Reputation: 41
I want to convert a pandas SparseDataFrame
to a scipy.sparse.csc_matrix
. But I don't want to convert it back to a dense matrix first.
Right now I have something like the below.
df = pd.get_dummies(df, sparse=True)
Basically what I need is to further get a scipy.sparse.csc_matrix
from df
. Is there a way to do it?
Upvotes: 3
Views: 2814
Reputation: 41
Thanks to @hpaulj's reply.

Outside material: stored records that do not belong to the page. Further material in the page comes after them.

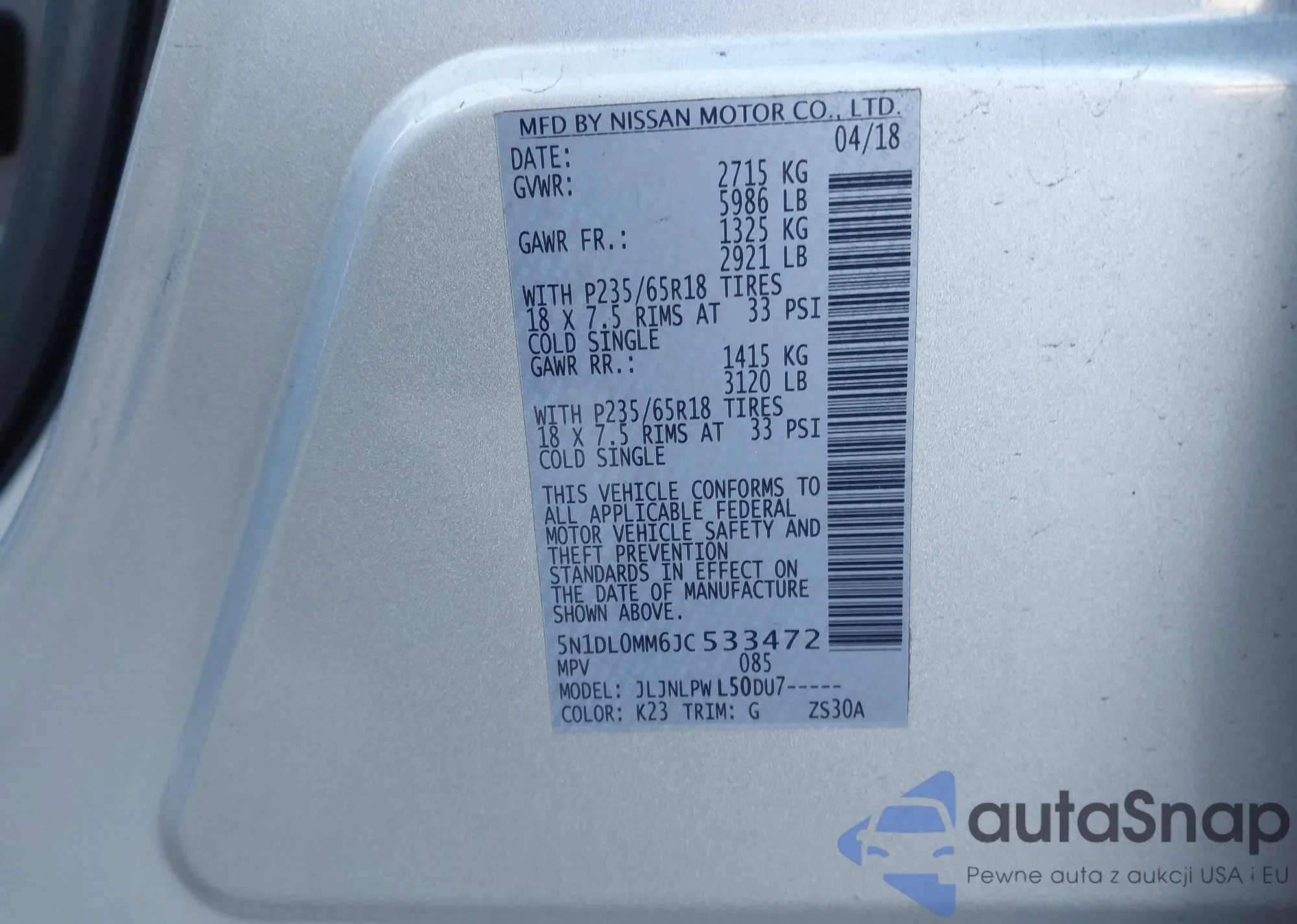 • VIN 5N1DL0MM6JC533472
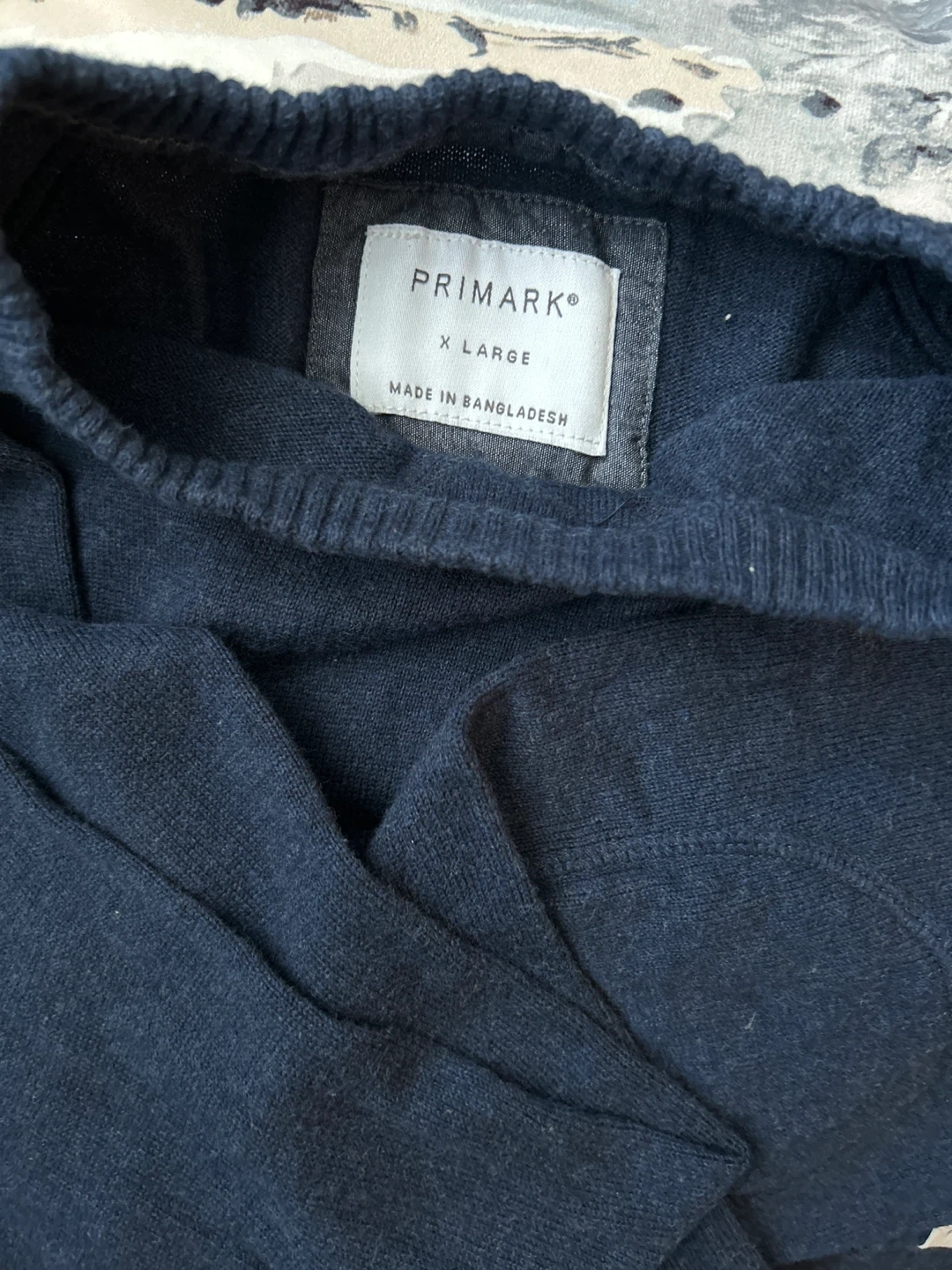This Primark sweater is a size X Large and navy blue. It's made from a soft material, perfect for cooler weather. It fits also L size. Very warm inside! Only serious request please!
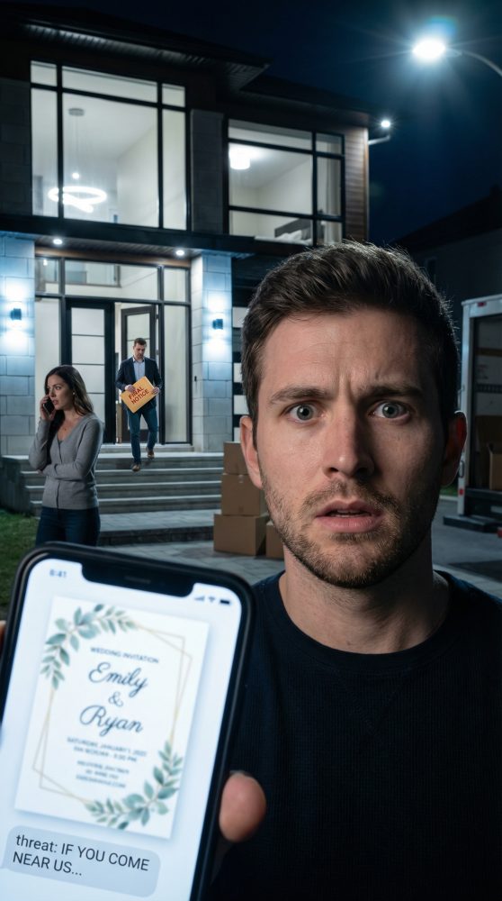Mientras estaba allí, noté un camión de mudanza en la acera y a dos hombres sacando cajas del garaje—demasiado tarde para una entrega normal. Entonces mi teléfono vibró con un mensaje de un número desconocido: “No vayas a la boda. Si apareces, la casa se pierde.”
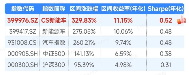 Long-term, the CSI New Energy Vehicle Index has outperformed mainstream broad-based and similar indices, with higher resilience. Since its base date, as of March 19, 2026, the index has gained 329.83%, with an annualized return of 11.15%, and a Sharpe ratio of 0.52, outperforming the China New Energy Vehicle Index, CSI Auto Index, CSI 300, and CSI 500 over the same period.
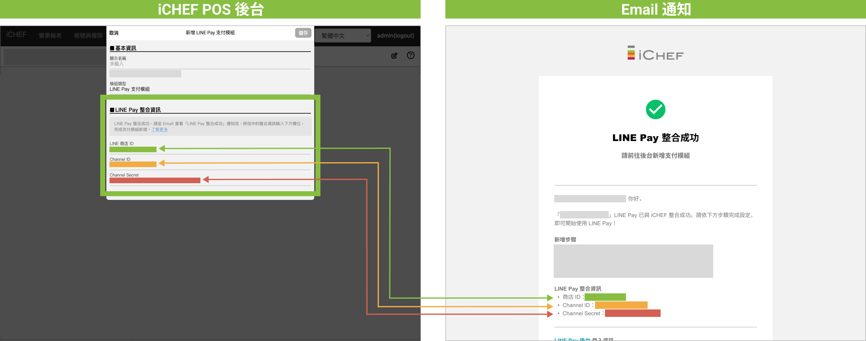 你可以從「LINE Pay 整合成功」通知信所標示的通路,對應回要設定的後台位置。

I ended it up using the template from https://stackoverflow.com/a/38157234/7298911.
Here is the modified implementation.
def sparseDfToCsc(df):
columns = df.columns
dat, rows = map(list,zip(*[(df[col].sp_values-df[col].fill_value, df[col].sp_index.to_int_index().indices) for col in columns]))

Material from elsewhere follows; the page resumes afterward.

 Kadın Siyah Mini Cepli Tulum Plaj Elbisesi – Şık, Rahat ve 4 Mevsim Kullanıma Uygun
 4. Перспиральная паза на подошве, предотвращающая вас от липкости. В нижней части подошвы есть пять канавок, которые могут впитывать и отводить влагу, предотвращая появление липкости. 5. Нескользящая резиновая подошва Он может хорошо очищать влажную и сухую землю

cols = [np.ones_like(a)*i for (i,a) in enumerate(dat)]
datF, rowsF, colsF = np.concatenate(dat), np.concatenate(rows), np.concatenate(cols)
arr = sparse.coo_matrix((datF, (rowsF, colsF)), df.shape, dtype=np.float64)
return arr.tocsc()
df = pd.get_dummies(df, sparse=True)
cscMatrix = sparseDfToCsc(df)
Upvotes: 1
Reputation: 231325
I've participated in various sparse Pandas to scipy sparce questions.
There is a Pandas method for converting a multiindex sparse series to coo matrix:
http://pandas-docs.github.io/pandas-docs-travis/sparse.html#interaction-with-scipy-sparse
But see Pandas sparse dataFrame to sparse matrix, without generating a dense matrix in memory for data frame to sparse.
and
How do I create a scipy sparse matrix from a pandas dataframe?
and more recently, How can I "sparsify" on two values?
Once you have a coo
matrix, you can easily convert it to csr
or csc
.
To avoid confusion I'd suggest creating a sample dataframe, convert to dense and then to sparse. That we have something concrete to test. I used to recommend the Pandas method, without realizing that MultiIndex was different from DataFrame.
Upvotes: 0